SCHUMER: We ought to be reasonable about this. I think there are probably very few people in this room or in America who would say that torture should never, ever be used, particularly if thousands of lives are at stake.

Take the hypothetical, if we knew that there was a nuclear bomb hidden in an American city, and we believed that some kind of torture, fairly severe, maybe, would give us a chance of finding that bomb before it went off, my guess is most Americans and most senators, maybe all, would say do what you have to do.

So it’s easy to sit back in the armchair and say that torture can never be used. But when you’re in the foxhole, it’s a very different deal. And I respect, I think we all respect the fact that the president’s in the foxhole every day.

(END VIDEO CLIP)

FRANKS: Mr. Chairman, I wish so much that this was all just an academic discussion. But unfortunately, we now live in a post-9/11 world with an enemy whose leader, Osama bin-Laden, has said, quote, “It is our duty to gain nuclear weapons.”

Mr. Chairman, I’m afraid that one such tragedy will transform this debate in the worst kind of way. Two airplanes hitting two buildings took 3,000 lives and cost this nation $2 trillion.

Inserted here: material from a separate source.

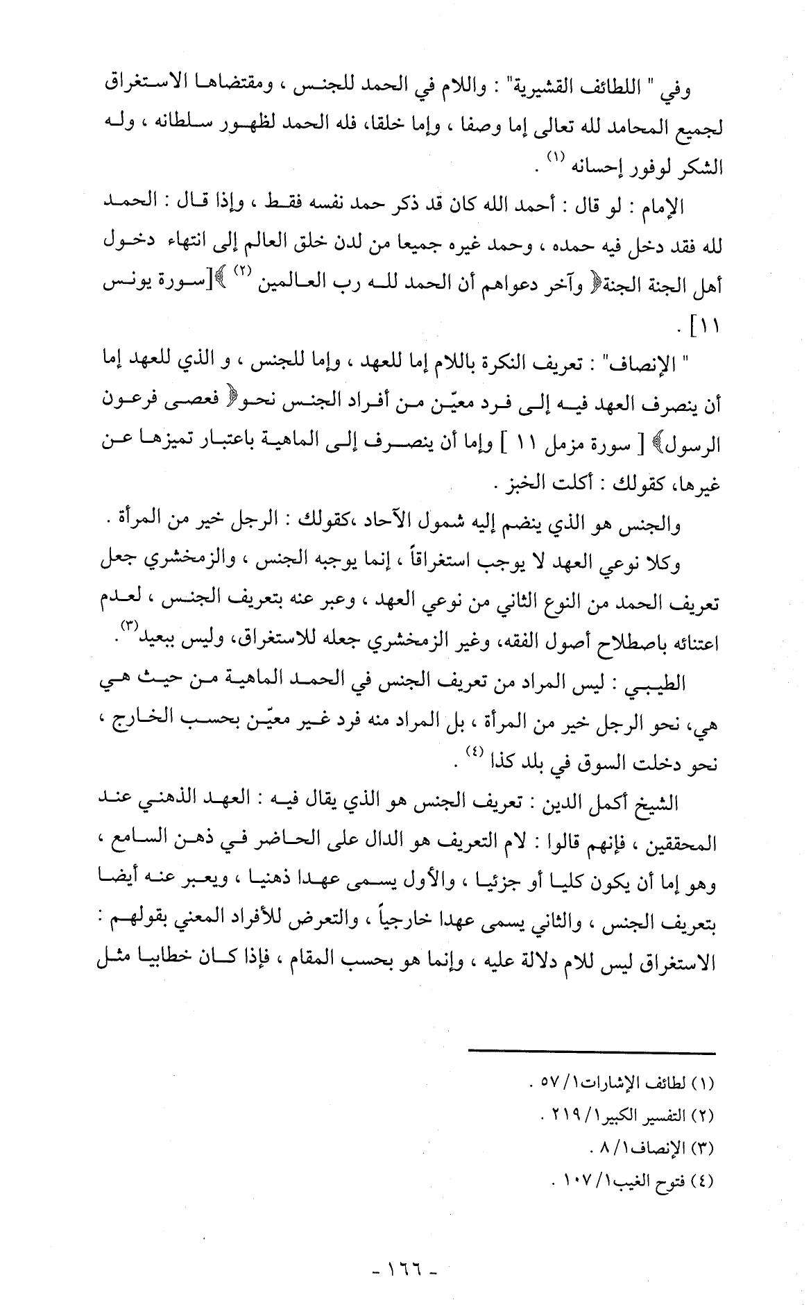 وكلا نوعي العهد لا يوجب استغراقاً، إنما يوجبه الجنس، والزمخشري جعل تعريف الحمد من النوع الثاني من نوعي العهد، وعبر عنه بتعريف الجنس، لعدم اعتنائه باصطلاح أصول الفقه، وغير الزمخشري جعله للاستغراق، وليس ببعيد (3).
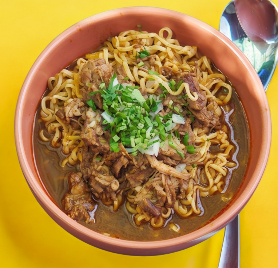 Deliciosa fusión de sabores: ramen al estilo mexicano con caldo de birria, trozos de carne suave y jugosa, y fideos al dente

If an atomic blast or some other weapon of mass destruction should ever be unleashed on this nation, it would change our concept of freedom forever. And I just hope that we can transcend the partisanship and maintain our focus on that because there’s still hours on the table left when we can prevent such a tragedy, I believe, if we realize that there are ways that we can combine human decency and a vigilant foreign policy in an interrogation technique process to protect this country and the concept of freedom for future generations.